WHAT YOU HAVE TO DO: Set the listing down exactly; no pictures.

RAW DATA:
======

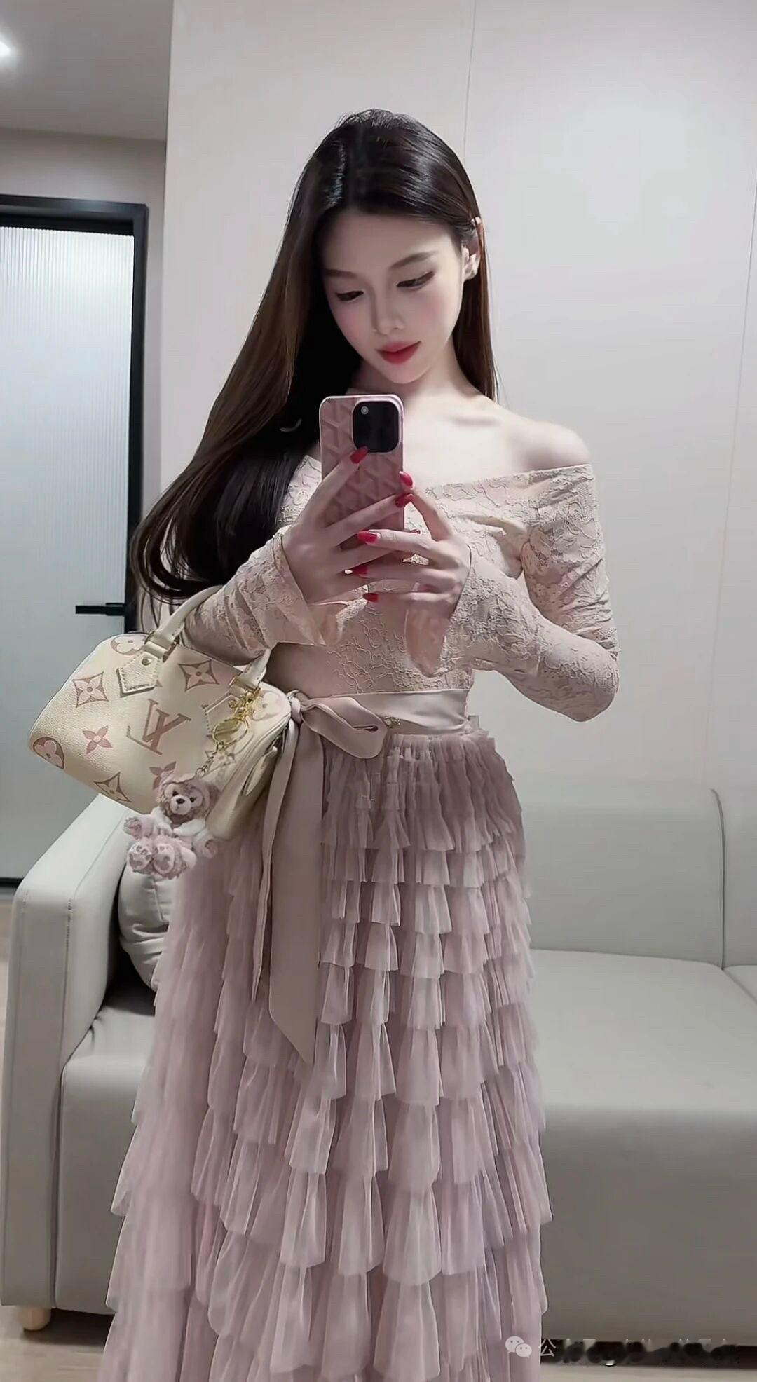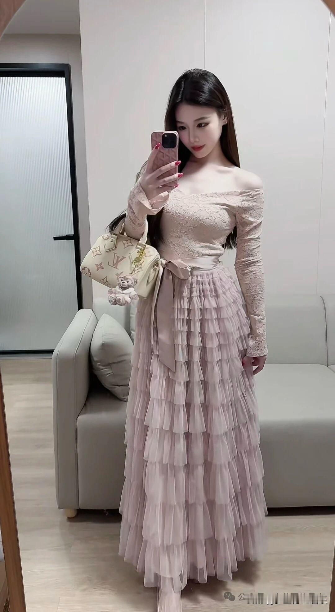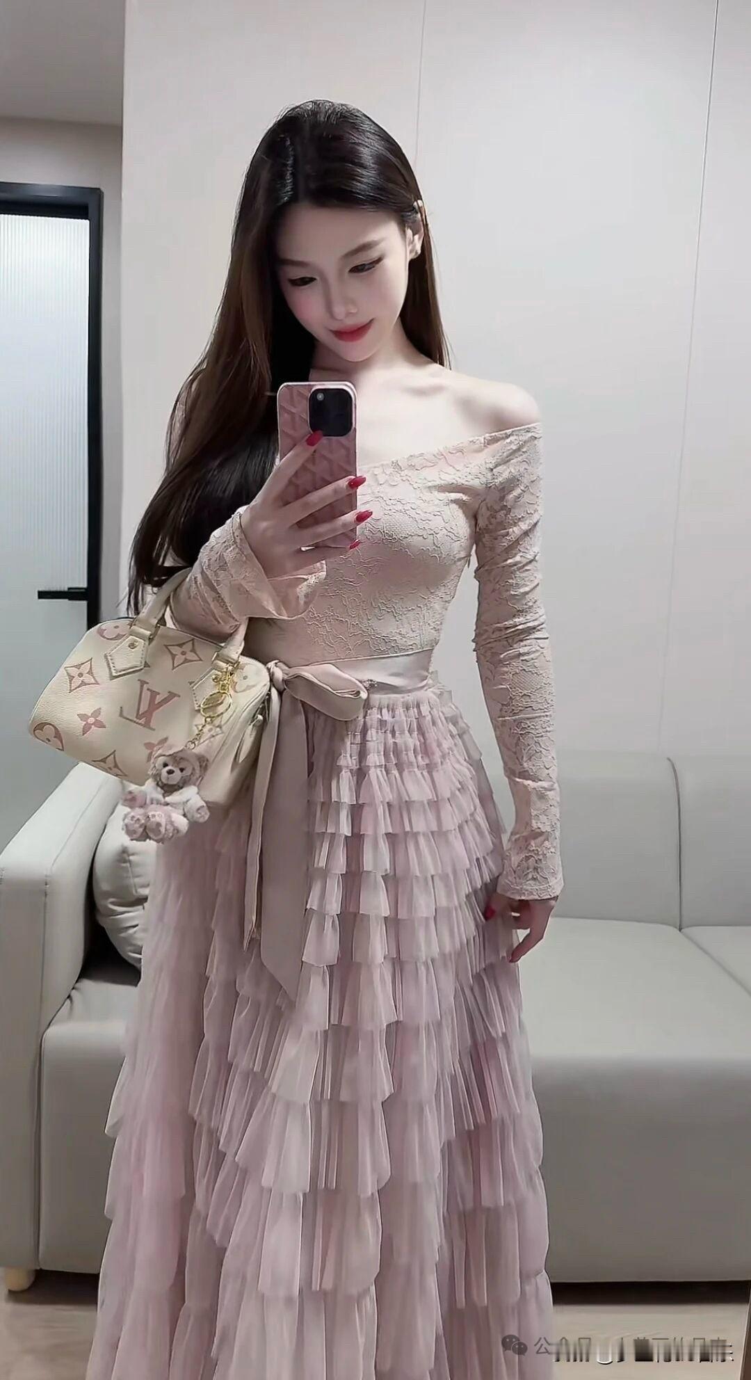 好温柔的粉色长裙呀~温柔穿搭 粉色穿搭 早秋穿搭 慵懒感 淑女 辣妹
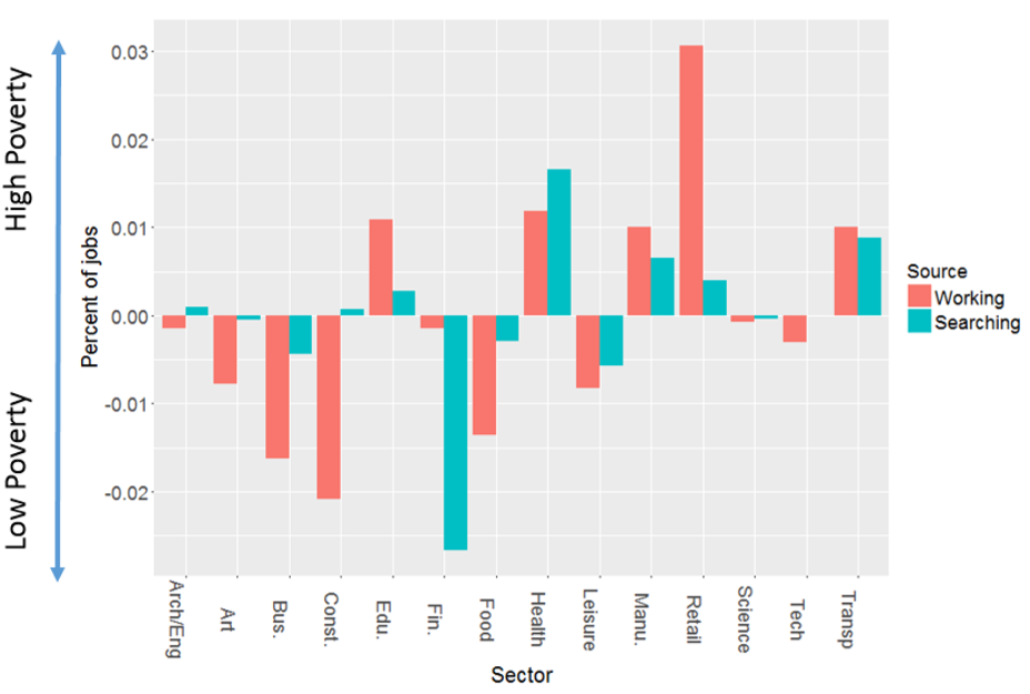 Figure 2. – Job searches vs. jobs held, by employment sector, as related to poverty level across U.S. counties. Higher/lower bars indicate a skew toward higher/lower poverty counties. For instance, the percent of jobs in the retail sector skew by about 3% toward higher poverty counties, while the skew of searches for retail jobs skews toward higher poverty counties by only about half of one percent.
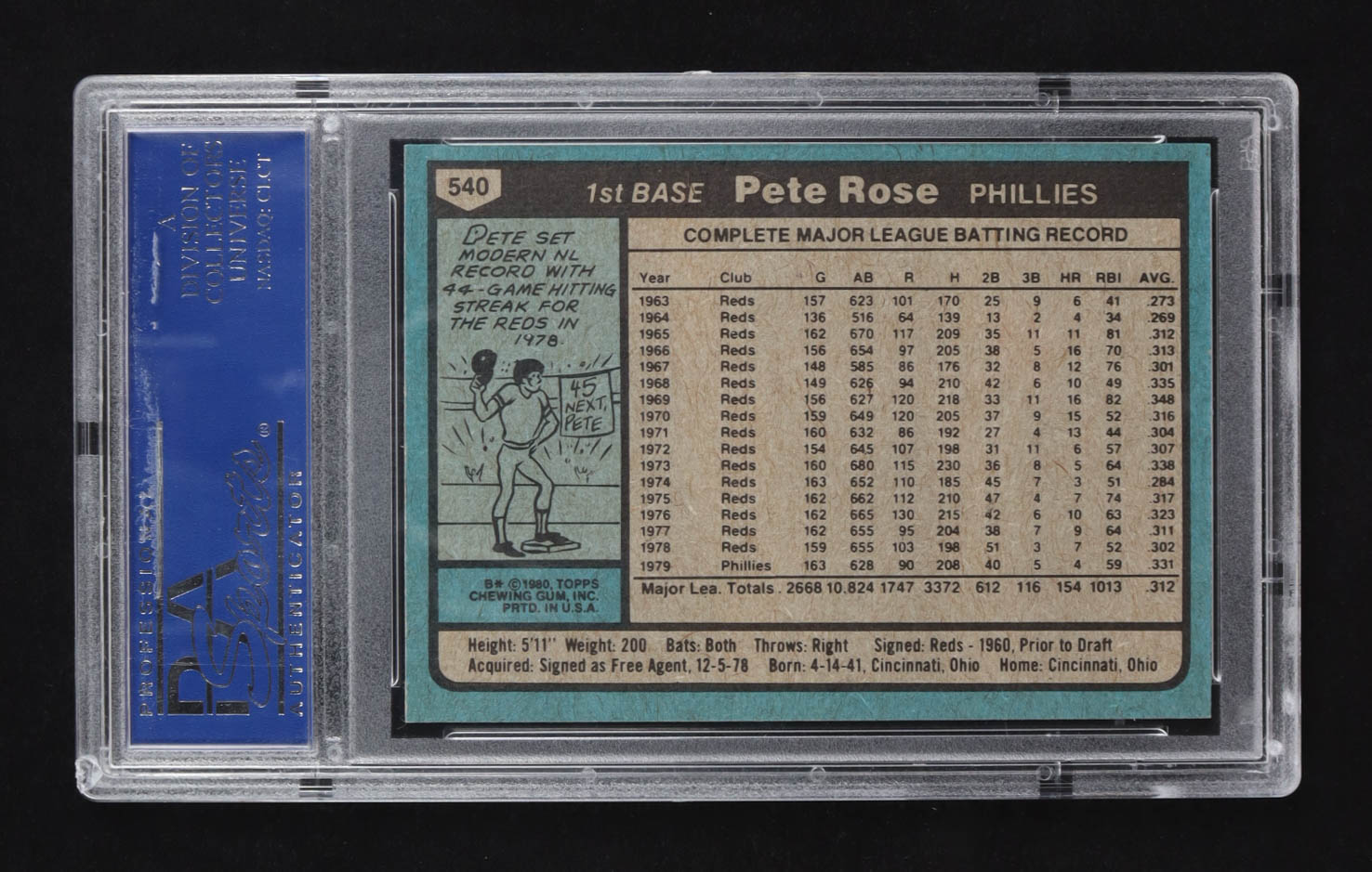 Pete Rose 1980 Topps #540 (PSA 9)
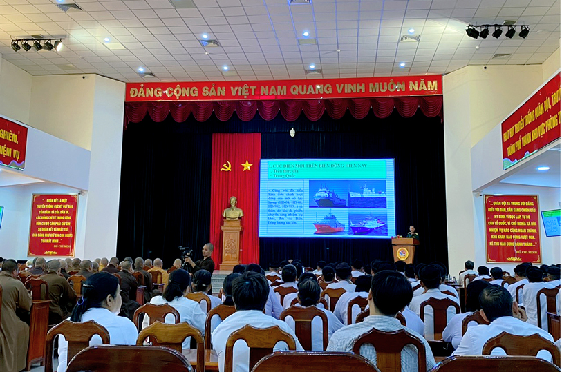 Trong buổi lễ ký kết, chư tôn đức Tăng Ni cùng các Tôn giáo bạn được Bộ CHHQS tỉnh chia sẻ các chuyên đề về kiến thức An ninh Quốc phòng như: “Cục diện mới trên biển đông đến nhiệm vụ bảo vệ tổ quốc Việt Nam XHCN hiện nay” để quý đại biểu hiểu rõ hơn tình hình an ninh quốc phòng về biển đông, tránh các thông tin xuyên tạc, sai sự thật v.v… Cùng nhau bảo vệ Tổ quốc trên mọi phương diện.

======

THE COMPLETED TASK:
 好温柔的粉色长裙呀~温柔穿搭 粉色穿搭 早秋穿搭 慵懒感 淑女 辣妹
 Figure 2. – Job searches vs. jobs held, by employment sector, as related to poverty level across U.S. counties. Higher/lower bars indicate a skew toward higher/lower poverty counties. For instance, the percent of jobs in the retail sector skew by about 3% toward higher poverty counties, while the skew of searches for retail jobs skews toward higher poverty counties by only about half of one percent.
 Pete Rose 1980 Topps #540 (PSA 9)
 Trong buổi lễ ký kết, chư tôn đức Tăng Ni cùng các Tôn giáo bạn được Bộ CHHQS tỉnh chia sẻ các chuyên đề về kiến thức An ninh Quốc phòng như: “Cục diện mới trên biển đông đến nhiệm vụ bảo vệ tổ quốc Việt Nam XHCN hiện nay” để quý đại biểu hiểu rõ hơn tình hình an ninh quốc phòng về biển đông, tránh các thông tin xuyên tạc, sai sự thật v.v… Cùng nhau bảo vệ Tổ quốc trên mọi phương diện.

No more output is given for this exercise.